Wednesday, August 8, 2018

Working with UUIDs in the Linux Kernel

Universally Unique Identifiers in the Linux Kernel

UUID's are 128-bit numbers that are (virtually) unique. The UUID format was developed during the '80s as part of Remote Procedure Call (RPC) technology. It is standardized today by several organizations including the IETF with RFC 4122.

(Yes, I do personally remember Apollo workstations and the Network Computing System - "The Network is the Computer." I was just getting started with networking company Novell at the time.)

UUIDs (and variations) are in use more than ever today because there is always a need for unique numbers and the uuid format is:

  1. Easy to generate
  2. Standardized across platforms and architectures
  3. Reliable
The third item--reliability--is worth discussing briefly. The most frequently used UUIDs are generated from a 60-bit time stamp and a MAC address. There is a theoretical chance that such a UUID could collide (have the same 128-bit value) with one generated by another node, but in practice this has not been a concern. Some algorithms generate UUIDs that are are provably unique. (For more information read RFC 4122.)

UUID kernel module

I uploaded the source code for a demonstration kernel module that shows how to use the interfaces I've made use of in my current project.  This demo code does the following:
  1. generate a random binary UUID
  2. convert the UUID to a 36-bit string
  3. parse the 36-bit string into a second binary UUID
  4. compare the 128-bit numbers from steps (1) and (3)

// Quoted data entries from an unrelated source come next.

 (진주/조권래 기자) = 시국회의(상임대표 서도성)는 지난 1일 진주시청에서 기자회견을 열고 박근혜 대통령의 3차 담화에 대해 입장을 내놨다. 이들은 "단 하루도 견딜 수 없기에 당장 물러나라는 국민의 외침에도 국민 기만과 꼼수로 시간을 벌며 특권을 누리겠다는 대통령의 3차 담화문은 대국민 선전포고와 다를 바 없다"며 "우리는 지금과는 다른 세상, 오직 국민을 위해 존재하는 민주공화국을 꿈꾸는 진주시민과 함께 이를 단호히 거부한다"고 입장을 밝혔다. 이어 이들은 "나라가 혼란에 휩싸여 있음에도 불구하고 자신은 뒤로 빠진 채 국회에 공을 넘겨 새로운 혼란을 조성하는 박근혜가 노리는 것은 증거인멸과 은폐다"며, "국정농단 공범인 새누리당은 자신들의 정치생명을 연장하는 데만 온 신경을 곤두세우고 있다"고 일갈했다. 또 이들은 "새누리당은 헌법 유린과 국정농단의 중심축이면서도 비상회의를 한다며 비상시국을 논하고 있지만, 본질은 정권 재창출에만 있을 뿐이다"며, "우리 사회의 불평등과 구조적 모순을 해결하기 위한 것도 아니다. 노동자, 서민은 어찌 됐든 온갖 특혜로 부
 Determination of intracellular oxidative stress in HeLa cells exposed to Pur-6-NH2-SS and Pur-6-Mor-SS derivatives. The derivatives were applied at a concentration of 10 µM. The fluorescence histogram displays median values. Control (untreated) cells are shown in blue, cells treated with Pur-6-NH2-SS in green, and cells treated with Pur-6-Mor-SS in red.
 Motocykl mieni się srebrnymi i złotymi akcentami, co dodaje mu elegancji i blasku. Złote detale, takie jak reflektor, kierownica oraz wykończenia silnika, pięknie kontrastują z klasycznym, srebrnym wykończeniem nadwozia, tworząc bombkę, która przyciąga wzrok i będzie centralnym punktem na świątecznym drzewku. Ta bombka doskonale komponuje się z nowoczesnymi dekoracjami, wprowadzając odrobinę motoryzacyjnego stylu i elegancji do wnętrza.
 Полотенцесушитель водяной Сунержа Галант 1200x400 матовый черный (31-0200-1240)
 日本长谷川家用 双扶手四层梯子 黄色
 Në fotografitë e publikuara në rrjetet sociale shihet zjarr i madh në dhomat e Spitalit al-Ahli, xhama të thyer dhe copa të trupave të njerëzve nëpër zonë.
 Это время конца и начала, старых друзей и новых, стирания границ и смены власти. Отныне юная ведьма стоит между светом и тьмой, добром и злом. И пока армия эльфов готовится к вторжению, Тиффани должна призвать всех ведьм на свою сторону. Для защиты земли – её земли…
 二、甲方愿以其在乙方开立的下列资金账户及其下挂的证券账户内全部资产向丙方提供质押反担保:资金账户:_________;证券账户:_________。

The Linux Kernel's UUID interface

The kernel's UUID API is defined in /include/linux/uuid.h and implemented in /lib/uuid.c. When I needed to make use of the UUID format in my current Linux kernel project, I found it straight forward, with one exception:
  • There is no uuid_unparse function in the Linux kernel.  In user space, it is standard practice to convert a 16-byte binary UUID into a string by calling uuid_unparse, and from a 36-byte string into a 16-byte binary by calling uuid_parse
Instead, the kernel provides a special printk format that works with the kernel's string library, which you can read in /Documentation/printk-formats.txt.

UUID/GUID addresses
===================
%pUb 00010203-0405-0607-0809-0a0b0c0d0e0f
%pUB 00010203-0405-0607-0809-0A0B0C0D0E0F
%pUl 03020100-0504-0706-0809-0a0b0c0e0e0f
%pUL 03020100-0504-0706-0809-0A0B0C0E0E0F
For printing 16-byte UUID/GUIDs addresses. The additional 'l', 'L','b' and 'B' specifiers are used to specify a little endian order in lower ('l') or upper case ('L') hex characters - and big endian order in lower ('b') or upper case ('B') hex characters.
 Where no additional specifiers are used the default big endian order with lower case hex characters will be printed.
For example,  in user space to convert from a 16-byte, 128-bit binary number a 36-byte string you would do the following: 

uuid_t uuid = {0};
uint8_t uuid_string[UUID_STRING_LEN + 1] = {0};

/* create a random uuid */
generate_random_uuid(uuid.b);

/* convert the binary uuid into a properly formatted string */
uuid_unparse(uuid, uuid_string);

But, in the Linux kernel, we must instead use the string library in combination with the special uuid printk formatter:

/* convert the binary uuid into a properly formatted string */
snprintf(uuid_string, UUID_STRING_LEN + 1, "%pUb", &uuid);

Two More Minor Points

  • The kernel APIs pass uuid_t values by reference, whereas in user space they are passed by value. 
  • The kernel by default generates and parses UUIDs in big-endian format, although you can change this to be little-endian.